During the semester our regular PSD courses and homework assignments have thought me a great deal of how small and medium companies go through the process of defining the needs, capturing the requirements, making a plan and creating throw-away prototypes.

We learned about different design models, some historical like the waterfall, V and spiral and the more recent ones like agile development. I particularly like the agile techniques - they feel less “business and management” and more “computer science”. I have participated in three hackathons only this semester and created one myself to see that there is a specific culture among the IT guys. We like to do things quickly, play with it, throw it away and start from scratch if it doesn’t work. We are much more like children exploring the ways toys work than grownups who need exact plans and requirements.
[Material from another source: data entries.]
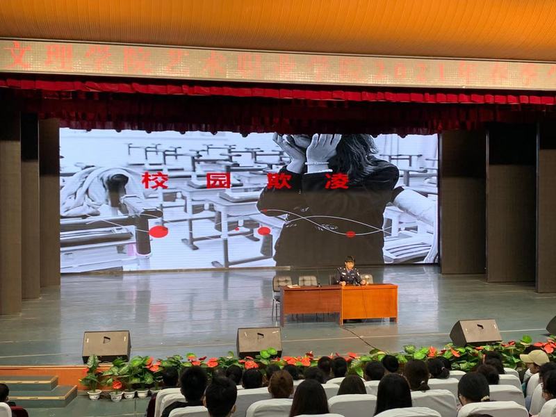 为创建安全、文明和谐的校园环境,推进公司青少年员工学法用法工作的深入开展,提高员工们的法律意识,杜绝校园欺凌发生,按照《3377体育防范校园欺凌工作方案》安排,3377体育2021年3月19日中午邀请雁园路派出所民警李宁进行法制讲座。3377体育网站网页保卫处副处长魏建民、3377体育副经理张全红、公司师生400余人在实验剧场聆听了法制专题教育讲座。讲座由员工科科长赵鉴主持。
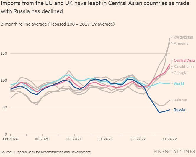Согласно анализу Европейского банка реконструкции и развития, Армения и Кыргызстан входят в число стран с резким увеличением западного импорта и экспорта в Россию. Экспорт Турции в Россию также вырос.
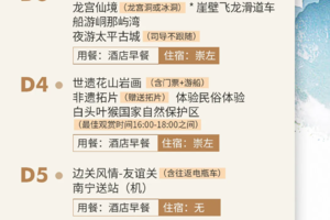 餐食:全程含酒店提供的早餐(一间房包含2人早餐,如多有儿童需自理)4早。崇左美食多为东南亚风味、少数民族美食、融合菜,风味独特,为了让您拥有更好的用餐体验,请您自理正餐,自己点餐,丰俭由人。

We can make things quickly and show it to our customer in a week rather than closing ourselves in months or years doing something and in the end failing to deliver whatever the initial requirements were. That is what agile is all about.
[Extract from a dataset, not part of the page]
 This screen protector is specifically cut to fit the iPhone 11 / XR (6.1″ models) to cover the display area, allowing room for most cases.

Of course, the rest of the world doesn’t always work like that. Therefore we find a balance between what we love and what our customers need. Hackathons and hackathon-like-coding is surely fun but rarely produces code ready for production, since there is no time to write comments, documentation and many times even the code itself is “hacky”. Relatively longer hakcathon-like coding in a week or two is a good compromise between fast coding and good coding. Thus comes the scrum method, identified by its daily standups and status reports and a fictitious leader who is also a developer like the rest of the team but just puts the hat of a leader in the meeting in order to facilitate the meeting.

Of course, we can’t start coding without knowing what we need to do. Here comes capturing of requirements. We had mock interviews with our professors in the University, a short, interview like tuning of the initial requirements. Additionally for our team project, we were having constant monitoring from PhD students and weekly meetings with our manager. The PhD students helped us define what is possible, viable and feasible to do given very high level specifications, iterating through different architectures while the manager started “lowering” the helicopter view he first gave us thus exposing us to more and more details. We are keeping documents in Google docs in order to always be up to date with the requirements as well as specific issues on github as to what precisely needs to be done.

Personally, I am satisfied with the course so far. We had a good amount of practical work, great 25/25/50 division between individual, group work and theoretical knowledge which I would love to see in other courses as well. Learning about theory and applying it in the same week is invaluable learning technique which lasts to years and not just for the exam. Looking forward to the second semester!